На пляже мне довелось быть свидетелем отвратительной сцены: компания подростков морально истязала взрослого юношу Борю. Особенно усердствовал один, именовавший себя Иннокентием. Жестокие играли в волейбол, и Боря, толстый, застенчивый и прекрасный, в лёгких сандалиях, пытался втиснуться в их круг, топтался в песке, руками призывая мяч, покрикивал, шутил. Но Иннокентий, а вслед за ним другие, злословили сперва иносказательно, потом открыто, и вся эта картина была настолько невыносима, что я отправился домой с осадком в сердце.

Капля

Александра Геннадьевна Тахтырова принимала ванну и плевала в потолок, а Серафим Дмитриевич Тахтыров пытался ворваться к ней под различными шутливыми предлогами. Александра Геннадьевна всё никак не могла доплюнуть до потолка, но заплевала и забрызгала водой кафельный пол и стены, так как во время плевания сильно подавалась телом вперёд, а потом опять падала в воду. Она вся разнервничалась, но не оставляла это занятие, так как дала себе слово не вылезать из ванны, пока не достигнет желаемого.

Тем временем Серафим Дмитриевич, после бесполезных сюсюкающих просьб, перешёл к угрозам и ругательствам, но Александра Геннадьевна не слышала его требовательных криков из-за плеска воды. Наконец, стремительно изогнувшись всем телом, Александра Геннадьевна с силой выдохнула воздух, и её слюна прилипла к потолку.

А в это время Серафим Дмитриевич, после изнурительных ударов с разбегу о дверь, выбил её и ворвался в ванную, но поскользнулся на каком-то плевке и упал, ударившись головой.

Александра Геннадьевна выволокла его и усадила на стул, а сама села ему на колени и стала так неприлично заигрывать, что Серафим Дмитриевич рассвирепел и даже решился поднять на неё руку. Александра Геннадьевна мгновенно уловила это и, слетев с колен мужа, молниеносно закатилась под кровать, а рука Серафима Дмитриевича, не найдя рожи Александры Геннадьевны, со всего размаху ударилась об пол, и Серафим Дмитриевич выбил себе два пальца.

Первую минуту, ошалев от боли, Тахтыров сидел смирно, а потом кинулся охлаждать распухшие пальцы. Для снятия нервного стресса он решил полежать в прохладной воде и, выпустив грязную, лёг в пустую ванну, чтобы свежая вода постепенно омывала его тело.

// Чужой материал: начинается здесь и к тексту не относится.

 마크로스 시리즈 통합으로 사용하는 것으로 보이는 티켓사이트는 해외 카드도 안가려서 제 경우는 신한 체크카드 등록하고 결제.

Серафим Дмитриевич был невысокого роста и потому настолько хорошо умещался на дне ванны, что его можно было в ней хоронить. Когда вода поднялась ему до подбородка, он захотел изменить своё положение, но, как говорится, не тут-то было – он застрял и не мог пошевелить ни головой, ни ногами.

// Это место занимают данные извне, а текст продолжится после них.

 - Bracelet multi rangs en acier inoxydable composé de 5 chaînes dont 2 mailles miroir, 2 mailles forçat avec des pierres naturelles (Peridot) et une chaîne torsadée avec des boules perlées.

Серафим Дмитриевич здорово перепугался, так как понял, что обречён на постепенное утопление. Он принялся жалостно звать Александру Геннадьевну, чтобы она его освободила, но та, зная подлый характер Тахтырова, преспокойно лежала под кроватью и не высовывалась.

Прибывавшая вода залила Серафиму Дмитриевичу рот, и он лишился возможности кричать. Когда он совсем отчаялся, струя в кране внезапно выдохлась и оборвалась. Серафим Дмитриевич лежал, боясь шевельнуться, чтоб ему не натекло в нос, ожидая, когда кто-нибудь придёт умыться. Но тут плевок Александры Геннадьевны, собравшись в каплю, сорвался с потолка и упал в ванну. Это и была та самая последняя капля, после чего вода затекла Серафиму Дмитриевичу Тахтырову в нос, заполнила лёгкие, и он захлебнулся.

На мгновение он ослеп

На мгновение он ослеп.

В линзы бинокля попали и тридцатикратно увеличились солнечные лучи. Несколько минут, чертыхаясь, Анатолий Дмитриевич массировал веки, пока не улеглись огненные футуристические пейзажи. Когда он прозрел, солнце уже провалилось в невесть откуда взявшиеся тучи и заморосил дождь. Под шинелью невыносимо парило.

– Ну, что скажете, корнет? – Анатолий Дмитриевич передал бинокль стоящему рядом юноше с нежным, как у сестры милосердия, личиком.